Roma egemenliğinin hakim olduğu dönem öncesi, maalesef Kommagene tarihi hakkında derin bilgiler içeren kaynaklar günümüze ulaşmamıştır. Her ne kadar geç dönemlere kadar bu güzel krallığın sınırlarını bilemesek de, genel olarak Fırat Nehri ve Toros Dağları arasında kalan bölge topraklarını içine alır.
Amasyalı Coğrafya yazarı Strabo, bu ülkenin ormanlarla çevrili, su kaynakları açısından zengin, verimli topraklara sahip olduğunu belirtir. Bunların yanısıra, boyama tekniğinde kullanılan mazı ağaçları ve demir açısından da zengin kaynaklara sahip olduğunu ekleyebiliriz.
Kommagene Krallığı’ nın ait olduğu ülkenin ismini, Asur Ticaret Kolonileri’ nin ticaret anlaşmaları için kendi dillerinde kullandıkları birkaç farklı tabletlerde de Kummuh olarak görebiliriz. Kummuh’ un bu ticari anlaşmalarda ya da ödedikleri vergilerde, daha ziyade sedir ağaçları, gümüş, altın, hayvan ve şarap gibi deyimlere rastlanabilir.
Kummuh, takribi 11. yüzyıl ila 10. yüzyıl aralarında kurulmuş, M.Ö 700 yıllarında Asurlular tarafından sona erdirilmiş ve ismi yüzlerce yıl sonra bir siyasi akım olarak Hellenistik Dönem’ de tekrar canlanana kadar anılmayacaktır.
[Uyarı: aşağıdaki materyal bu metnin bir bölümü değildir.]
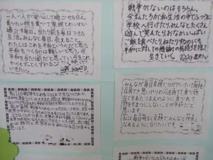 11月の職員室前の掲示は6年生です。6年生は、先週に広島方面へ修学旅行に行ってきました。そのまとめとして、一人一人の思いをメッセージにしました。それを「私の平和宣言」として掲示しました。
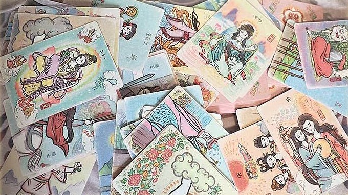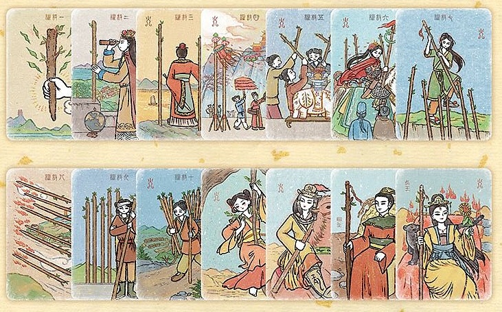 The artwork draws inspiration from "lianhuanhua" (连环画; a type of palm-size picture books popular in 20th-century China). Expect brushy lines, grainy colors, and lovingly hand-drawn clay dolls in vintage robes. Chinese folkloric motifs run throughout: lotus ponds, tiled rooftops, drifting mountain clouds... giving the deck a unique cultural warmth.
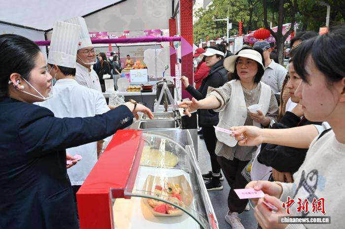 图为广式美食吸引游客购买。(图片来源:中新网)
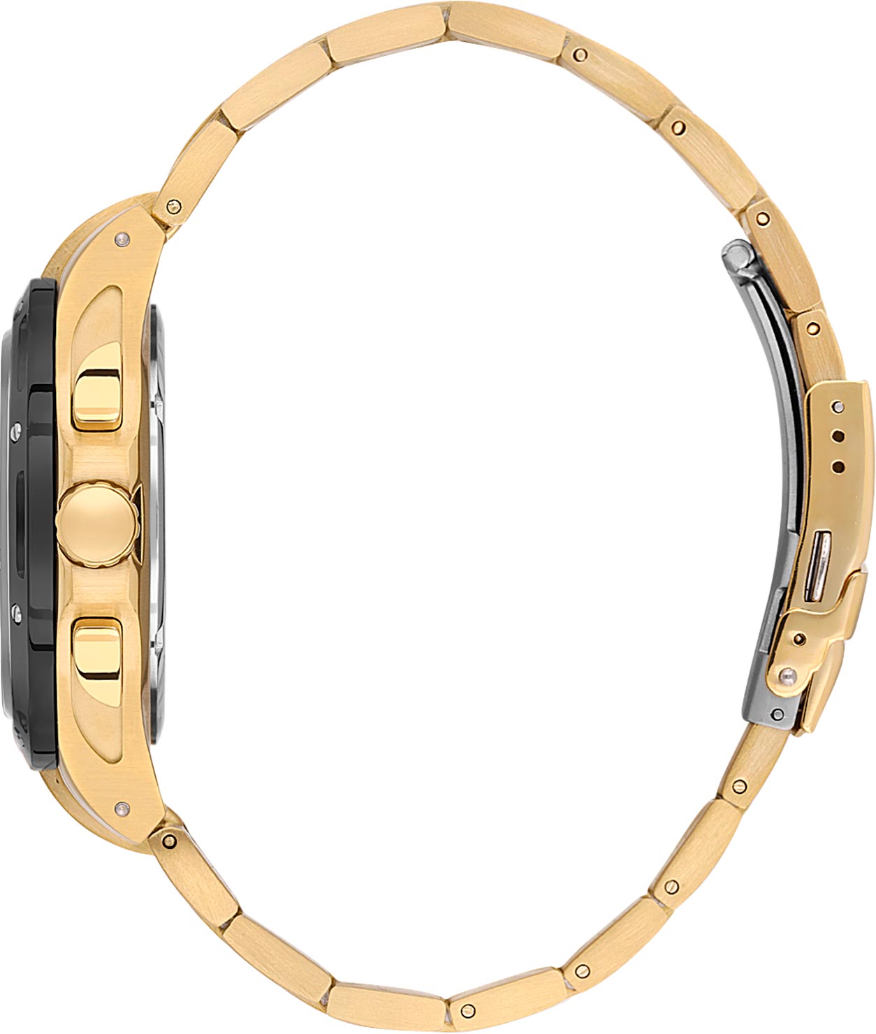 Стильный дизайн этих функциональных часов делает их эффектным украшением, которое будет превосходно дополнять ваш образ. Функциональные кварцевые мужские часы. Круглый стальной корпус с матовой и полированной отделкой. Декоративный безель. Циферблат выполнен по технологии Sunray (солнечные лучи) и украшен фирменным логотипом. Накладные метки в виде штрихов. 12-ти и 24-х часовой формат времени. Дата и день недели вынесены на отдельные циферблаты. Заостренные прямоугольные стрелки в стиле Baton. Стрелки и метки с люминесцентным покрытием, которое светится в темноте после непродолжительной зарядки на свету. Рифленая заводная головка с защитой. Стальной браслет с матовой и полированной отделкой. Раскладывающаяся застежка.
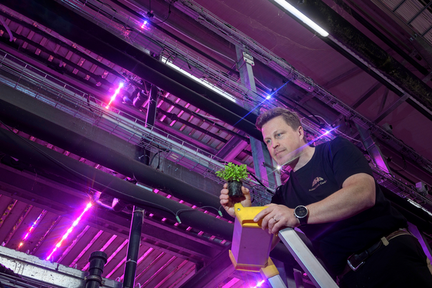 Robert Jordas in his vertical farm (Photo credits: Meeri Utti)
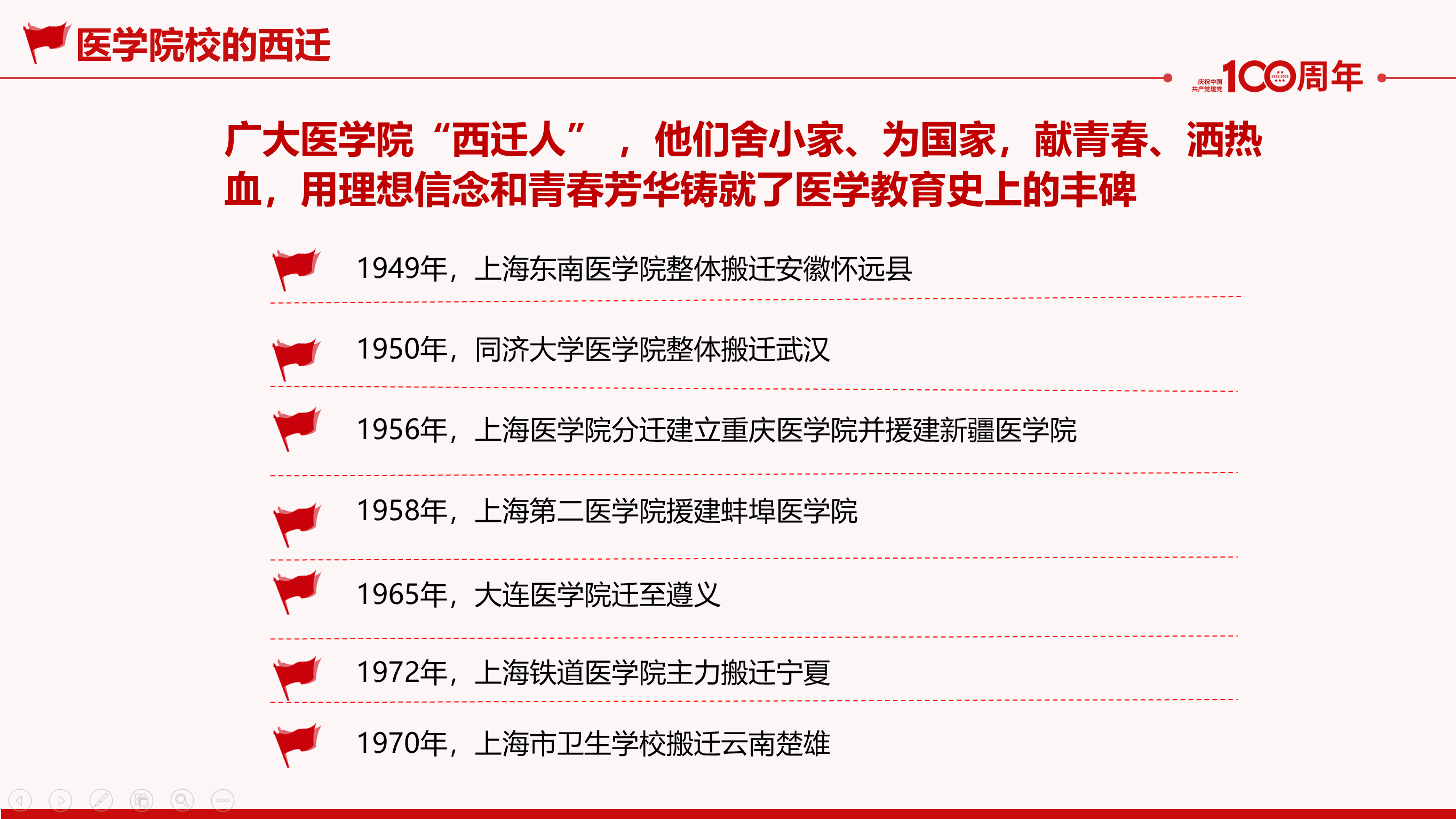 吴韬董事长介绍了新中国成立后全国医公司校的西迁之路,其中包括伟德bv国际体育官方网站前身的上海市卫生公司西迁的相关历史和重要意义。他总结到无论是“西迁”还是“西援”都是西迁精神的传递,今天的援疆、援藏和志愿者活动也是“西迁精神”的当代传承和生动写照。在去年新冠疫情抗击,公司共有262位员工参与了武汉抗疫,他们就是西迁精神的当代缩影。公司自组建以来,在西部地区建立附属医院、选派干部、支援教师、订单培养、招收少数民族预科生,对口支援新疆喀什、云南昆明等地,为祖国西部发展贡献力量,也是西迁精神的弘扬。

Geç Hitit Dönemi’ ne kadar bölgenin en önemli bir şehir olan Kummuh, soylu Kommagene kraliyet ailesi tarafından da saygınlık görmüş Ptolemaios’ un da yönettiği Kommagene Krallığı’ na bağlıydı. Samsat (Fırat Nehri) başkent olarak anıldığı dönemlerde, sınırları Suriye’ ye kadar ulaşan Kommagene Krallığı sınırları içerisinde yer alan Kummuh şehri, yine Samsat (Samosata) isminin bir diğer versiyonudur.